La diffusione illecita di deepfake, con l’obiettivo di ingannare chi li vede, è punita su querela con la reclusione da sei mesi a tre anni. “Se dal fatto deriva un danno ingiusto, la pena è della reclusione da uno a cinque anni”, si legge. Il disegno di legge prevede l’azione di ufficio se è “commesso nei confronti di persona incapace, per età o per infermità, o di una pubblica autorità a causa delle funzioni esercitate”.

Il governo si riserva, tra le altre cose, di designare in base all’AI Act, un’autorità di vigilanza del mercato e una di notifica. Entro un anno dovrà emettere “uno o più decreti legislativi per definire organicamente la disciplina nei casi di uso di sistemi di intelligenza artificiale per finalità illecite”. Palazzo Chigi e ministero della Giustizia trasmetteranno le bozze alle Camere per un parere, che dovrà arrivare entro 60 giorni, altrimenti l’esecutivo potrà procedere per la sua strada.

Diritto d’autore e bollino sull’AI

L’aggravante per AI riguarda anche la protezione del copyright, uno dei cardini della legge che ha richiesto, secondo Il Sole 24 Ore, un importante lavoro di allineamento. La legge integra le tutele e le violazioni con aggravanti per il ricorso dell’AI. E poi obbliga canali tv, radio e piattaforme di streaming a inserire un bollino che identifichi i contenuti realizzati o modificati dall’intelligenza artificiale, “un elemento o segno identificativo, anche in filigrana o marcatura incorporata purché chiaramente visibile e riconoscibile, con l’acronimo “IA” ovvero, nel caso audio, attraverso annunci audio”. Il bollino dovrà comparire a inizio e fine trasmissione, prima e dopo il contenuto generato con l’AI e alla fine di ogni interruzione pubblicitaria.

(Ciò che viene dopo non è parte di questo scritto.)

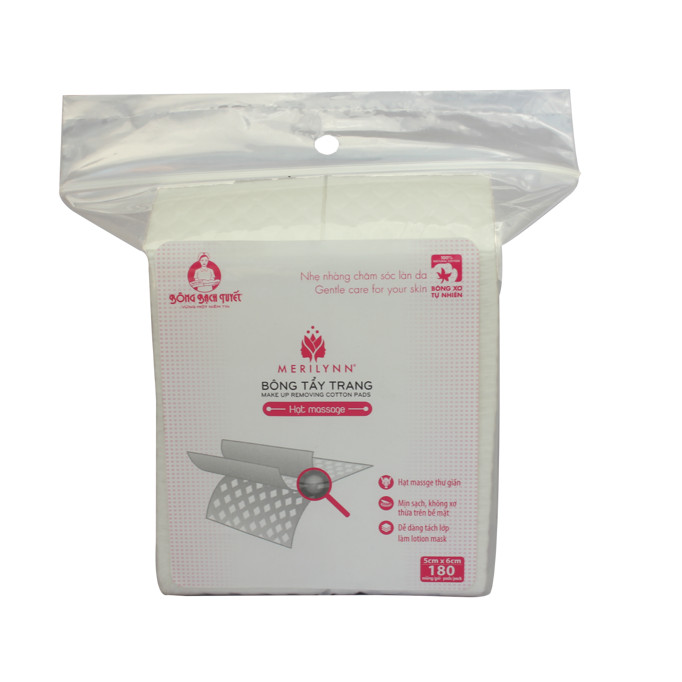 Bộ sản phẩm Bông tẩy trang 180M có hạt massage Thương hiệu: Bông Bạch Tuyết.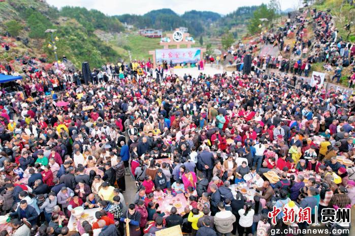 游客在沿河·黑水“桃李欢喜园”吃“全羊宴”。田洪兵 摄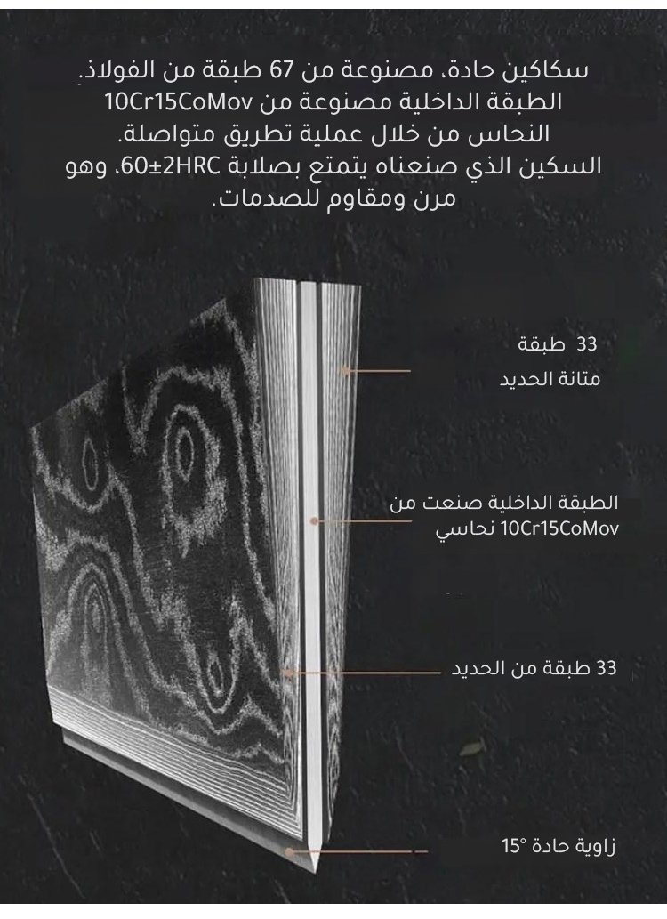 مجموعة سكاكين مزينة بنقوش المطرقة مكونة من ثلاث قطع، سكين تقطيع وسكين إزالة العظام، وسكين بتصميم V

Le piattaforme social dovranno fornire sistemi per identificare i contenuti generati dall’AI. La legge sul copyright tutela i prodotti degli algoritmi, “nel caso in cui il contributo umano nell’ideazione e realizzazione dell’opera tramite l’uso dell’algoritmo sia creativo, rilevante e dimostrabile” e punisce gli abusi con una pena aumentata.

La pubblica amministrazione

Sarà Agid a guidare l’ingresso massivo dell’AI negli enti pubblici. In particolare dovrà fornire gli indirizzi a Consip, la centrale acquisti della pubblica amministrazioni, su programmi e aziende. Il governo spinge per un approccio “sovranista”, chiedendo che “vengano privilegiate quelle soluzioni che garantiscono la localizzazione ed elaborazione dei dati critici presso data center posti sul territorio nazionale, nonché modelli fondativi in grado di assicurare elevati standard in termini di trasparenza nelle modalità di addestramento e di sviluppo di applicazioni basate su AI generativa”. La parola passa al Polo strategico nazionale, l’infrastruttura su cui migrare i dati critici e strategici della pubblica amministrazione. L’AI nel pubblico dovrà essere trasparente, “assicurando agli interessati la conoscibilità del suo funzionamento e la tracciabilità del suo utilizzo”, e utilizzata a supporto di decisioni prese dalla persona responsabile.